Le problème fondamental des dispositifs multinationaux temporaires, même reconduits tous les six mois pendant vingt-cinq ans c'est-à-dire une génération ou une carrière militaire, c'est justement qu'étant temporaires ils n'engagent par les uns et ne rassurent pas les autres. La seule langue d'ailleurs exigée pour ces déploiements tournants de six mois est celle nécessaire à la coordination du dispositif multinational (anglais ou swahili par exemple) et il n'est même pas tenté de communiquer avec le gouvernement hôte dans sa langue (français à Bamako), pour ne pas parler des dialectes locaux de la population. La French touch, en anglais dans le texte désormais, n'est plus que le vague souvenir d'un "esprit" auquel les bureaux (en conteneur climatisé) d'action civilo-militaire à l'étatsunienne n'associent plus aucune action ou compétence spécifique. Aucun multinational anglophone n'est venu demander pourquoi l'allemand était très porteur dans l'armée française avant qu'on sache que le 2° Corps d'Armée resterait si longtemps, pourquoi les seuls professeurs d'amharique au monde se trouvent à l'INALCO, pourquoi l'arabe a pendant si longtemps eu le même coefficient aux concours militaires français que le russe, ou pourquoi l'EIREL a constitué sa cellule de serbo-croate et initié tous les contingents en partance avant même qu'on sache que la FORPRONU en Croatie durerait plus d'un an, et qu'une guerre de plusieurs années démarrerait bientôt en Bosnie et Herzégovine. Et personne ne s'est demandé pourquoi l'armée française, qui a finalement passé une décennie en Afghanistan pour une instable coalition sans drapeau ni responsabilité politique, n'a pas appris le pachtoune.

 

Au Mali comme ailleurs, la seule méthode de pacification possible en profondeur est celle qui a disparu avec la Société des Nations, le mandat de protection donné à un pays unique et clairement identifié, pour une durée qui permette l'engagement des personnels intéressés (militaires, administrateurs, enseignants…) et qui rassure les populations d'accueil.

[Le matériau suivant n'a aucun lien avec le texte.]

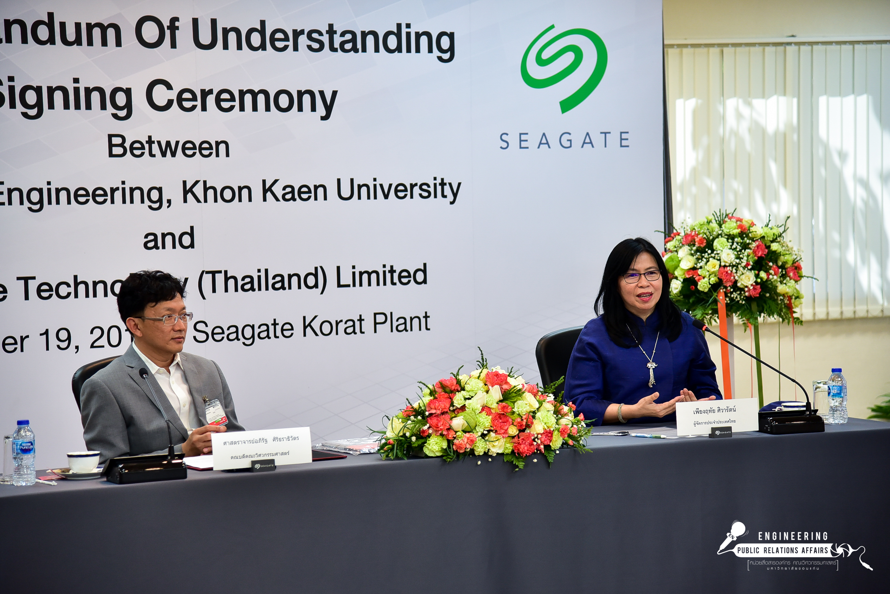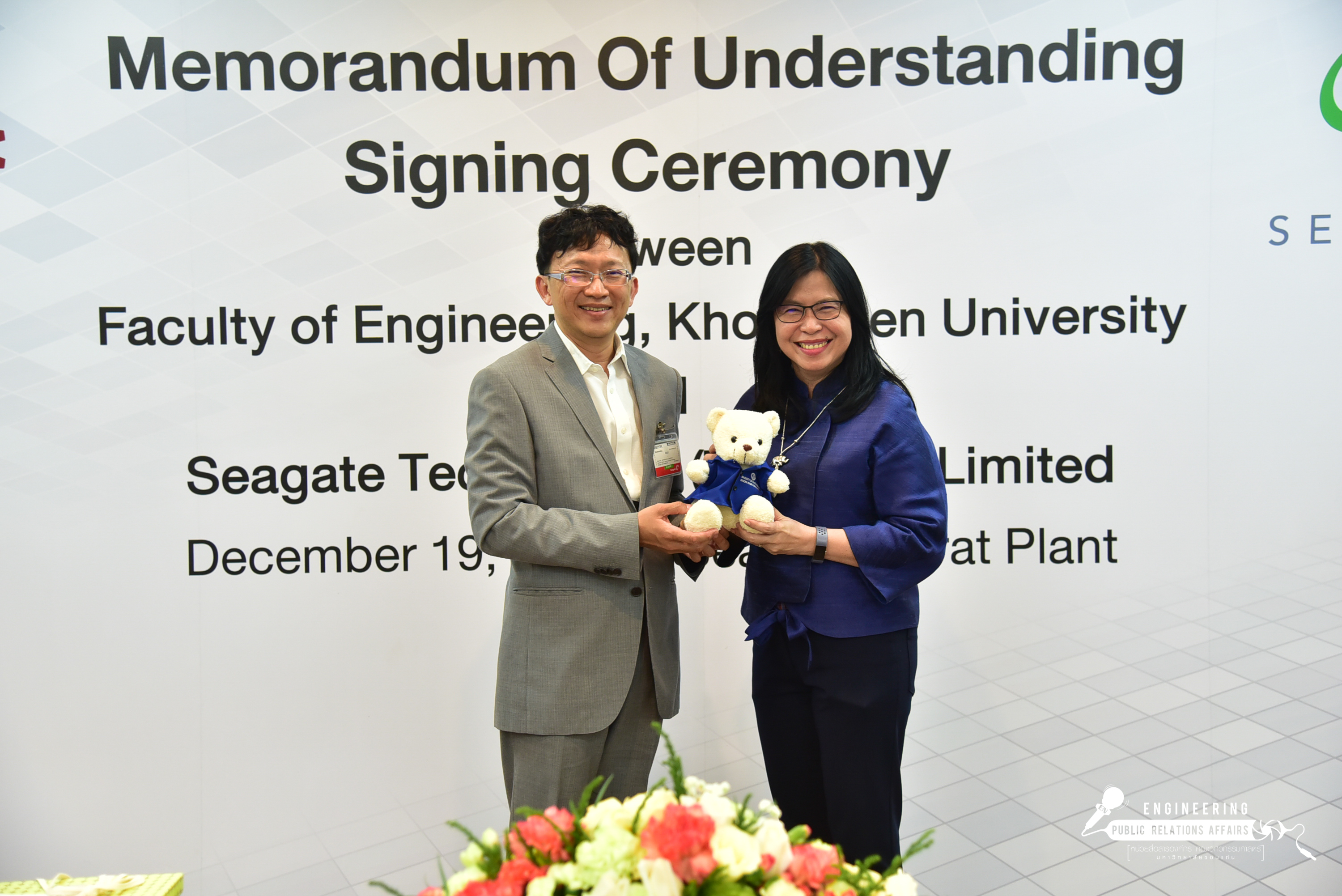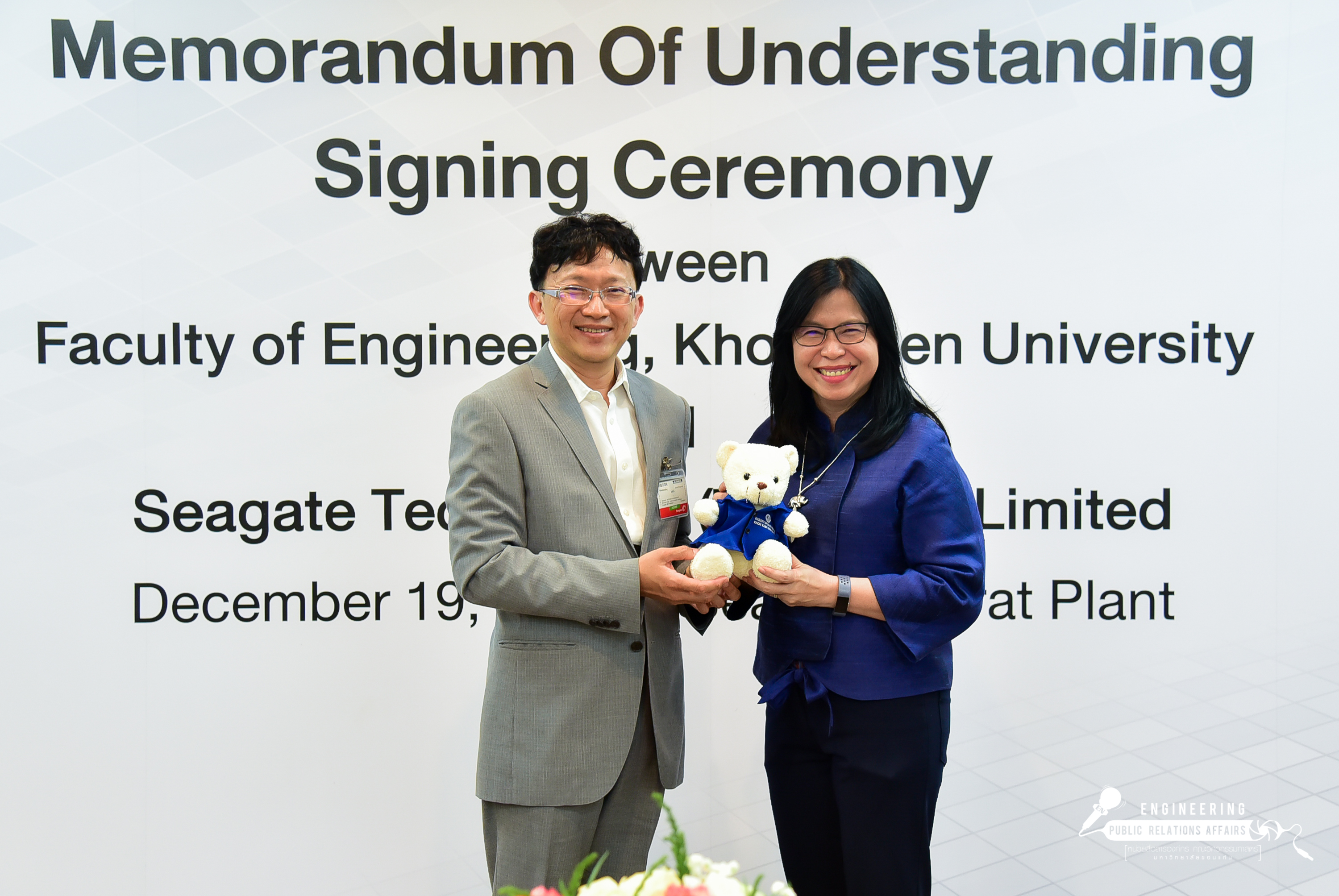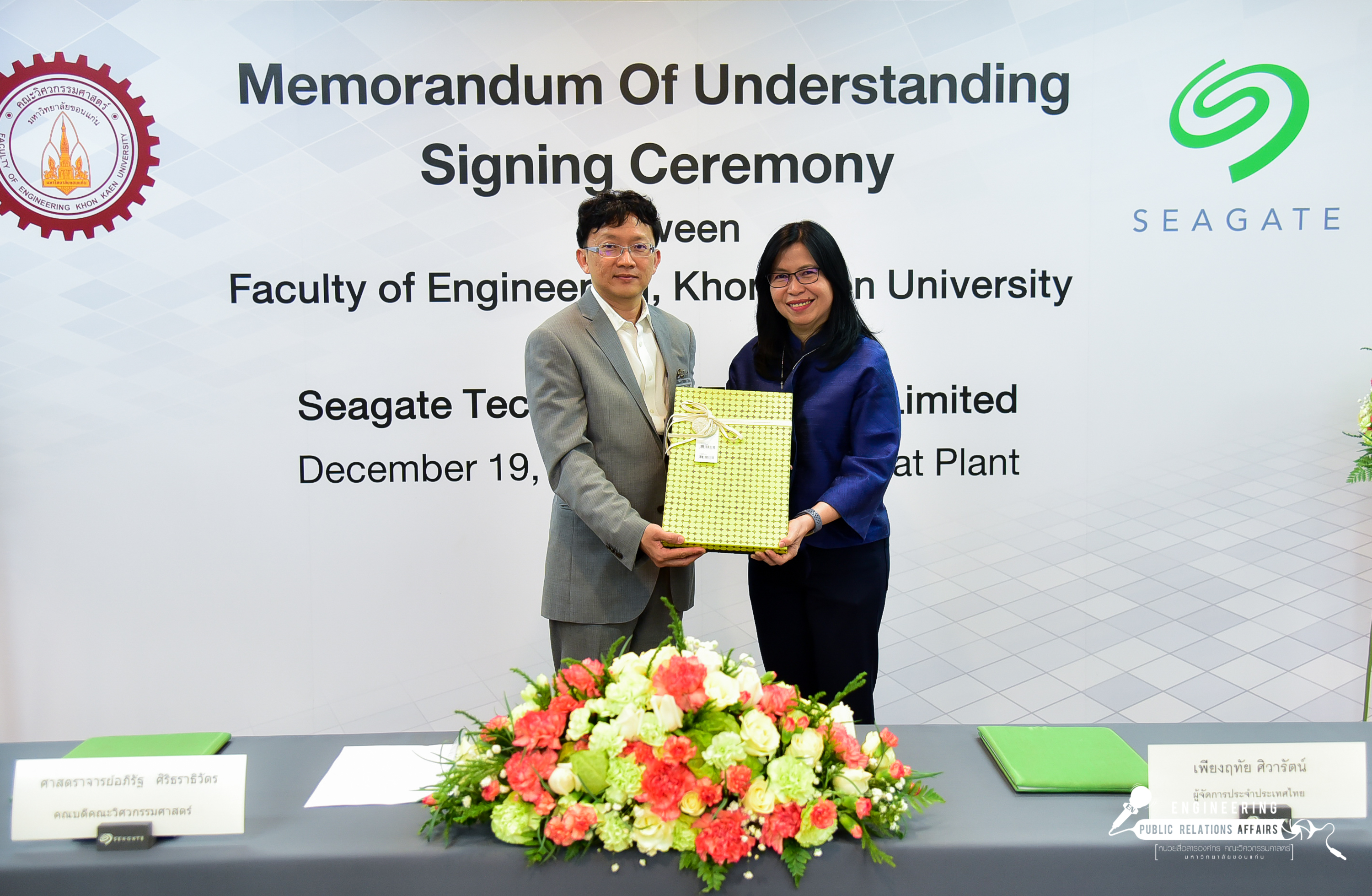 เมื่อวันที่ 19 ธันวาคม  2561 คณะวิศวกรรมศาสตร์ มหาวิทยาลัยขอนแก่น นำโดย ศ.ดร.อภิรัฐ ศิริธราธิวัตร คณบดี  พร้อมด้วย   ผศ.ดร.ขนิษฐา  คำวิลัยศักดิ์  รองคณบดีฝ่ายวิชาการ  รศ.ดร.ลัดดา  ตันวาณิชกุล  รองคณบดีฝ่ายวิเทศสัมพันธ์และสื่อสารองค์กร  ทีมผู้บริหาร  และคณาจารย์  ได้เดินทางไปยัง  บริษัท Seagate Technology Co, LTD  จังหวัดนครราชสีมา เพื่อจัดทำบันทึกข้อตกลงความร่วมมือทางวิชาการ โดยมีคุณเพียงฤทัย ศิวารัตน์ ผู้จัดการประจำประเทศไทยและรองประธานฝ่ายปฏิบัติการโรงงานซีเกทโคราช และคณะผู้บริหารของบริษัทฯ ให้การต้อนรับ และร่วมลงนามในบันทึกฯ  โดยในบันทึกฯนี้มีวัตถุประสงค์มีวัตถุประสงค์เพื่อขยายความร่วมมือในการส่งนักศึกษาในการทำสหกิจศึกษาและการฝึกงาน รวมถึงงานวิจัย กิจกรรมทางวิชาการด้านอื่น ๆ ที่จะเกิดขึ้นในอนาคต

C'est aussi le meilleur cadre pour la coopération continue et donc le développement durable. C'est d'ailleurs encore possible, par le biais d'un partenariat bilatéral sans honte et affranchi des tutelles idéologiques supranationales.

 

Les frères d'armes africains des troupes de marine françaises le disent volontiers, comme le savent d'ailleurs aussi les coopérants humanitaires, dits non gouvernementaux, algériens en Afrique subsaharienne. Mais cela nécessite une volonté politique indépendante, prospective et décomplexée. Parfois c'est à Paris qu'il faut chercher la clef des problèmes africains.